I sadly missed the joyous comeback in Saturday’s North London derby. I was on a stag do, doing manly things like shooting strangers with paint, donning medieval attire and doing my best to assert some kind of masculinity in terms of alcohol consumption. I can safely report I failed in that regard. I am neither a born soldier, a natural dashing knight of the realm, nor a very good drinker. I am content in that sense. I know my limitations and I’m past the age of doing things to impress others. In other words, I’m a grown-up.

Whilst drinking in a desolate local pub, a group of Spurs fans turned up, cranking up the decibel level with understandable joy at their side’s victory. But they were physically and verbally intimidating. Crass, boorish and with little sense of personal space and decorum. Being the only Spurs fan in the party, I was nominated to go to the bar that they had commandeered to get the next round in. “Go on, you’re one of them, get the drinks in,” I was summarily despatched.

Now of course, the comment was an aside and wasn’t designed to mean anything other than what it was but I began to contemplate the very nature of belonging to a particular tribe. Football is a broad church and welcomes anybody. More so than sports like cricket and rugby that have in the past been unfairly labelled as elitist. Football has been enjoyed through a multitude of social strata. In it’s formative years the game was a public school pastime. It was the preserve of the factory workers in the early part of the twentieth century. Industrialists spread the game like Christian missionaries as the Industrial Revolution encompassed the globe. In Vienna, the game was mulled over by intellectuals in cafes in the 1930s as it is now, in the coffee houses of Islington where you can see how the game has been gentrified over the generations; The Guardian superseding The Sun as the paper of choice at the Emirates.

The only thing that binds all these disparate souls together is the game itself. However, why we all love and how we perceive the game owes largely to our cultural and social attitudes and upbringing. There are people whose understanding of the game does not stretch beyond the transfer rumour mill of the Murdoch-owned media machine. The game for them is about beating the other lot. Bragging rights. Asserting one’s superiority over the other. It’s tribal and has its roots in those first primitive steps taken by our cave-dwelling ancestors. In other words, football fills the void that has been left once the feudal instinct has been deemed archaic.

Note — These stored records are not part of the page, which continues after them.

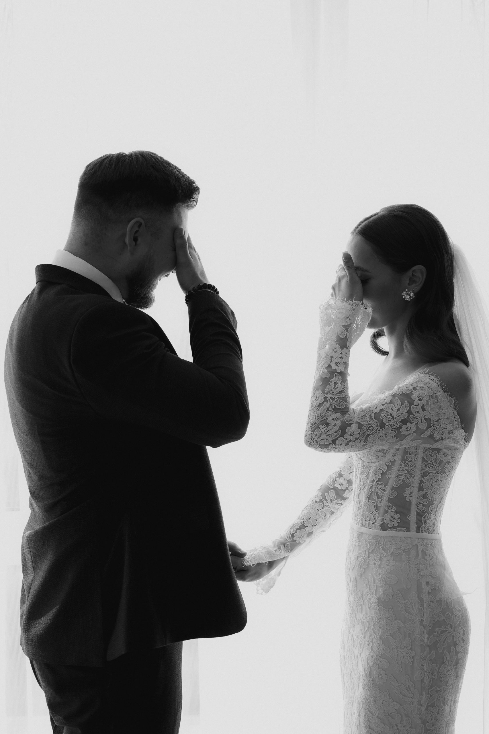 Во время этого момента эмоции захлёстывают, и рука так и тянется к лицу — прикрыть улыбку, смахнуть слезу, коснуться щеки. Делайте это максимально легко и аккуратно: без растирания, без давления на кожу. Макияж в такие секунды особенно уязвим, а нам важно сохранить его свежим для всей съёмки и церемонии.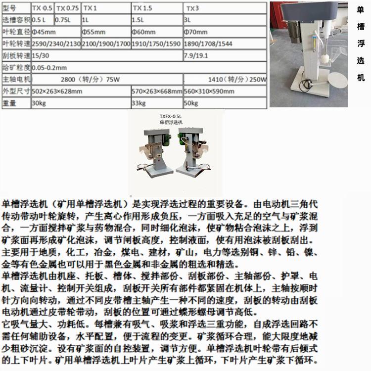 单槽浮选机(矿用单槽浮选机)由电动机三角带传动,带动叶轮旋转,产生离心作用形成负压,一方面吸入充足的空气与矿浆混合,一方面搅拌矿浆与药物混合,同时细化泡沫,使矿物粘合泡沫之上,浮到矿浆面再形成矿化泡沫。调节闸板高度,控制液面,使有用泡沫被刮板刮出。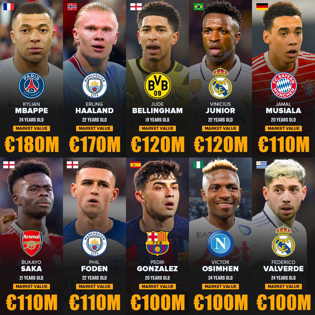 近日,德转再次更新,身价过亿的球员来到10人: 1.姆巴佩:1.8亿,巴黎 2.哈兰德:1.7亿,曼城 3.贝林厄姆:1.2亿,多特 4.维尼修斯:1.2亿,皇马 5.穆西亚拉:1.1亿,拜仁 6.萨卡:1.1亿,阿森纳 7.福登:1.1亿,曼城 8.佩德里:1亿,巴萨 9.奥斯梅恩:1亿,那不勒斯 10.巴尔韦德:1亿,皇马 (单位:欧元) |
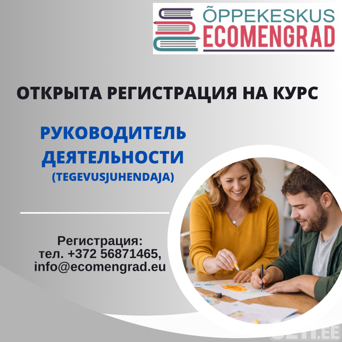 Приглашаем на курс "Руководитель деятельности (Tegevusjuhendaja)" ✅ Объем курса: 260 ак. часов Руководитель деятельности – это специалист сферы специального ухода, который руководит и поддерживает людей с особыми психическими потребностями в осуществлении ими повседневной деятельности, работы и хобби, чтобы обеспечить их максимальную самостоятельность и качество жизни. Регистрация и информация: тел. +372 56871465, info@ecomengrad.eu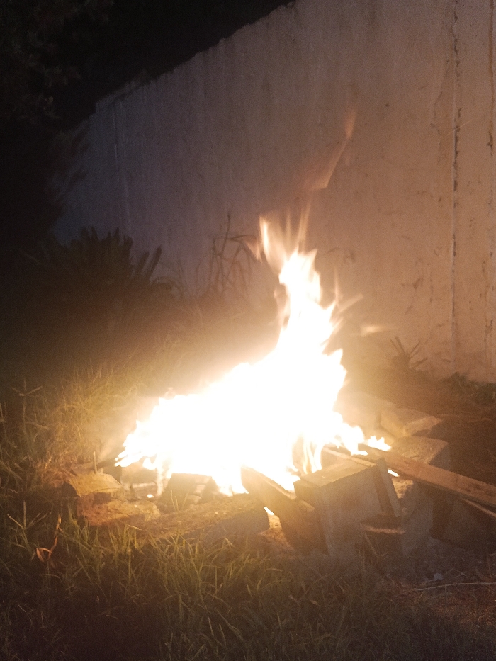 A bonfire blazes against a dark, textured wall, casting an orange glow on the surrounding grass. Flames reach upward, illuminating wooden planks and debris within the fire pit. Sparse plants are silhouetted near the wall. The setting suggests nighttime, with the fire serving as the primary light source.

Message boards are filled with bile towards opposing sets of fans. The infamous Leeds chant aimed at Manchester United’s darkest hour in Munich fifty years ago being a case in point. Or Spurs fans, abusing Sol Campbell with disgraceful insinuations and racial jibes. There are too many who hate their rivals with such passion that they’d rather see their ‘enemies’ suffer than their team succeed. All this attitude ever seems to achieve is the confirmation of pre-conceived notions about football by those who have no great love for it. Hence, why Margaret Thatcher and her sympathisers withiin the game jumped at the chance to aggressively impose ID cards and caged, electrified terraces in the 1980s. Because there are always those who act without thought. And with that we get lumpen behaviour. Which leads to hooliganism. Which leads to Heysel.

Of course I wanted Spurs to beat Arsenal, but I just don’t have it in me to spit venom at their fans. I’ll have a joke with them and a banter but the very idea of an Arsenal fan being on their own in a pub full of Spurs fans, fearing for their safety is just something that should not happen. Are all Millwall fans racist? Are all Spurs fans Jewish? Do all Newcastle fans have a fetish for going topless? Of course not. And neither are we all tattooed, beer-guzzling, skinheads with a propensity for lewd behaviour.

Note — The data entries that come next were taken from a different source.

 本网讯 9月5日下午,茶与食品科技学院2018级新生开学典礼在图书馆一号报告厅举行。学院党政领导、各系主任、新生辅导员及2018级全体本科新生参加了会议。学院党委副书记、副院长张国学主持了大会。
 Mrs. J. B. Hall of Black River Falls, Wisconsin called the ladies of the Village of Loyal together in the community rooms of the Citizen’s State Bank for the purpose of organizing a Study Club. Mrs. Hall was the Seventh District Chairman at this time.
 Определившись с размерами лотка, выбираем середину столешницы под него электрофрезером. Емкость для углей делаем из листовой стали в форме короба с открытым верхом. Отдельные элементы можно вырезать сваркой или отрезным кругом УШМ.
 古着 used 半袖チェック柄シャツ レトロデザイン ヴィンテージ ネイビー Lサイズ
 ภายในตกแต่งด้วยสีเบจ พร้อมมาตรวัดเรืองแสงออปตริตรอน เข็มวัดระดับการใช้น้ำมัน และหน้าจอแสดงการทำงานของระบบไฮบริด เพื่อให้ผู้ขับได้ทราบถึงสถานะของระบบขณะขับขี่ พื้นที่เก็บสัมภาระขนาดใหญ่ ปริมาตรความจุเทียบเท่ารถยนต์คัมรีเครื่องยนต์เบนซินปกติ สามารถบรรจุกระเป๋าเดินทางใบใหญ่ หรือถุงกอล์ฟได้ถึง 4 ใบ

There are so many articulate and socially astute football blogs out there to read. Go and find them. And there are people who understand that the game resonates far beyond the limited horizons of the Premier League or Sky Sports or getting pissed and doing a wanker sign at the opposing fans. One of my favourite moments in my many years of going to White Hart Lane was having a chat with a West Brom fan after a 1-1 draw. We assessed the game. We shrugged. I wished him luck for his team’s battle against relegation. He wished Spurs luck for the rest of the season. We went our separate ways. The moment’s simplicity and mutual respect has stayed with me ever since.

Chris Rock says there a black people and there are niggaz. The only thing they share is a darker shade of skin. I say there are football fans and there are football fanz. The only thing we share is the love of the game. Other than that and maybe even because of it, we have nothing in common. And if you’re going to the bar, mine’s a skinny latte….

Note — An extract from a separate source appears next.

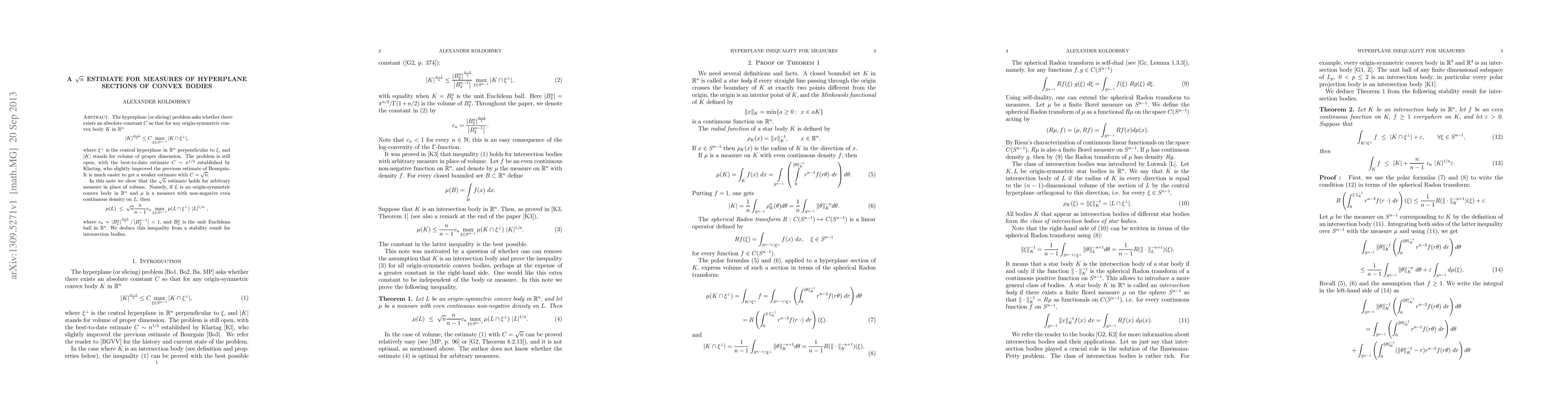 Researchers developed a method to estimate the measure of sections of convex bodies with an accuracy proportional to the square root of n, based on a stability result for intersection bodies.

4 Responses to “According To Type”

  1. SpursSimon November 21, 2010 at 19:46 #

    Fantastic piece there Greg – excellent read.
    I have never understood the “as long as they lose” attitude – as I always point out if Arsenal were relegated, we wouldn’t have a derby, does anyone really want that??

    There is a long way to go to remove the still prevalent perception that most of us are drunk racists up for a fight, but we are also losing the fun part of terrace banter that I grew up with, it is a fine balance

  2. Steve F November 22, 2010 at 13:07 #

    Excellent piece. I watched the game in a bar in Singapore with some fairly raucous Arsenal fans. Was depressed at halftime and enjoyed it very much when Spurs won. But I really could not imagine Spurs and Arsenal fans sitting in the same pub and watching a game in the UK without there being trouble or fear of trouble which I find more much more depressing than Spurs losing.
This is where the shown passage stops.